From the first line of the data through the line containing "Резервуар из полипропилена, 12", transcribe each line exactly. Pictures do not belong in the copy.

Top of Supplied data

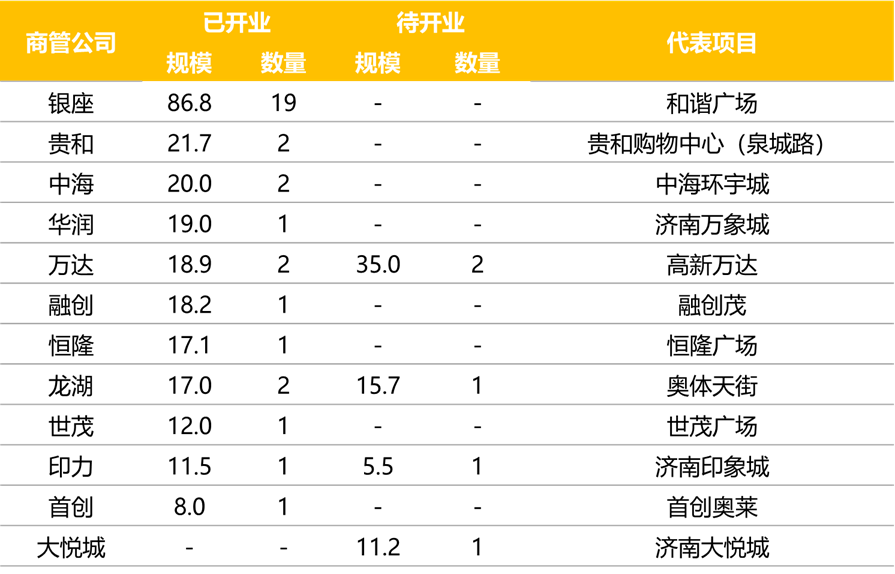 目前濟(jì)南市場(chǎng)上本土企業(yè)與全國(guó)性商管公司齊聚。
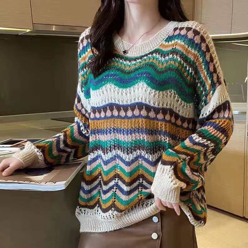 ✨Áo len nữ form rộng hoạ tiết phối màu xinh mẫu mới thu đông HB09
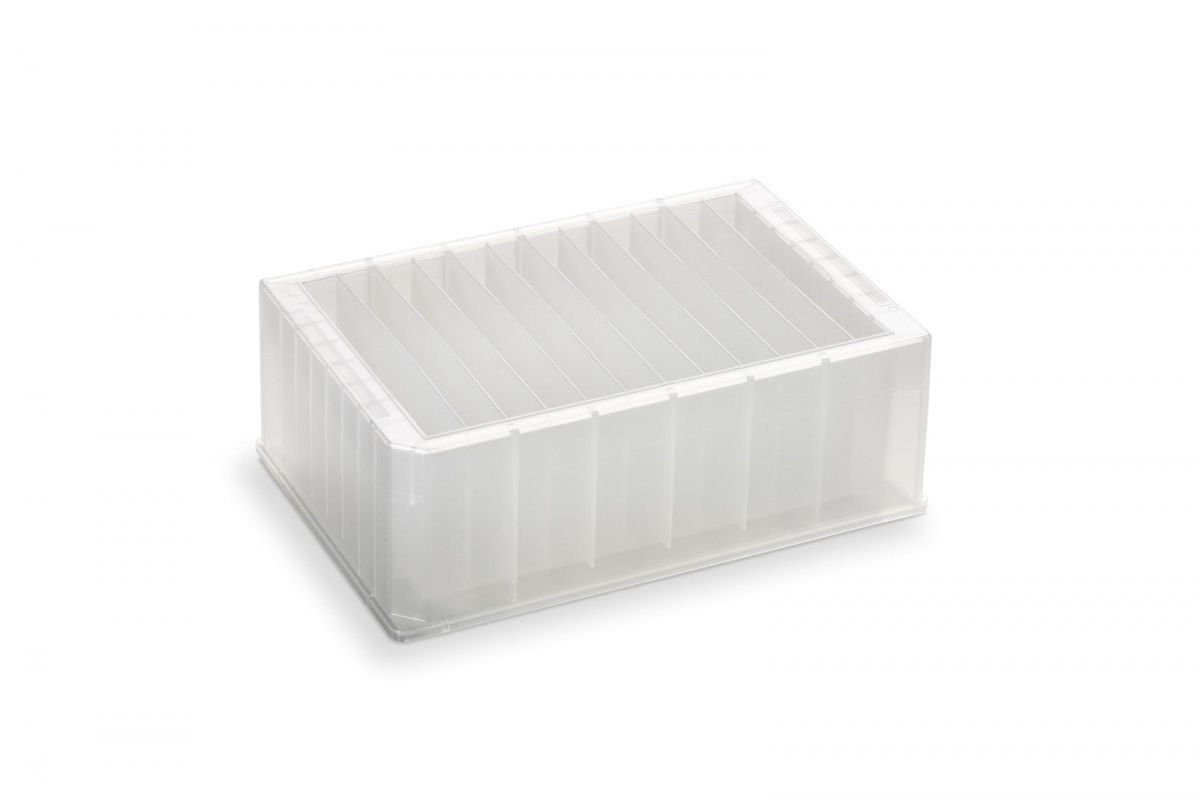 Резервуар из полипропилена, 12 колонкок, объем колонки 21 мл, максимальный объем 252 мл, пирамидальная форма дна, высота 44 мм, облученный, в индивидуальный, 25 шт/уп. Планшеты стерилизованы гамма-излучением.
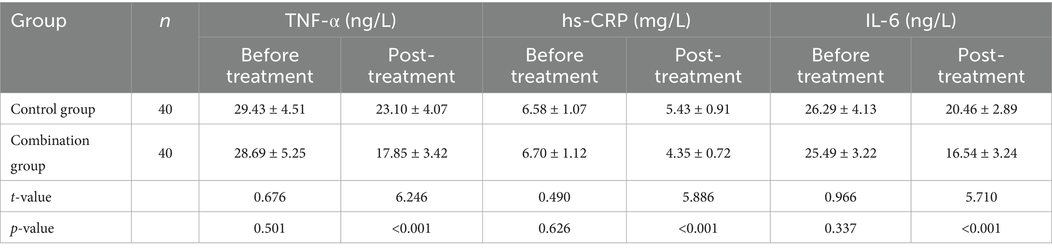 Before treatment, there was no significant difference in the levels of inflammatory factors (including TNF-α, hs-CRP and IL-6) between the control group and the combination group (all p > 0.05); After treatment, the inflammatory factors of control group and combination group decreased significantly compared with those before treatment (all p < 0.05); After treatment, the inflammatory factors of patients in the combination group were significantly lower than those in the control group (all p < 0.05) (see Table 4).
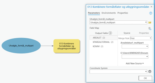 I modellen angis navnet på den nye filen, som inneholder KPA-data for hele byområdet, og skal få navnet "byomrade_KPA". I "KpArealFormalOmrade for de alle kommunen i byområdet" så skal datasettet for KPA for hver enkelt kommune i byområdet legges inn. Eksempelvis så vil man her for byområdet Grenland legge inn KPA for Porsgrunn og KPA for Skien. I figur 3.3 er det lagt til datasett for kommuneplanens arealdel for to kommuner.
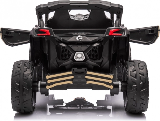 Solidny elektryczny buggy dla dzieci z zasilaniem 24 V i mocą 800 W oferuje napęd 4x4, miękkie koła EVA oraz wygodne siedzisko z pięciopunktowymi pasami. Dzięki pilotowi 2,4 GHz rodzice mają pełną kontrolę nad jazdą. Silne silniki 4× 24 V/200 W, płynny start, oświetlenie LED oraz panel multimedialny z USB/MP3 gwarantują bezpieczną i świetną zabawę na trawie, asfalcie i kostce.

Bottom of Supplied data

Exercise output:
 目前濟(jì)南市場(chǎng)上本土企業(yè)與全國(guó)性商管公司齊聚。
 ✨Áo len nữ form rộng hoạ tiết phối màu xinh mẫu mới thu đông HB09
 Резервуар из полипропилена, 12 колонкок, объем колонки 21 мл, максимальный объем 252 мл, пирамидальная форма дна, высота 44 мм, облученный, в индивидуальный, 25 шт/уп. Планшеты стерилизованы гамма-излучением.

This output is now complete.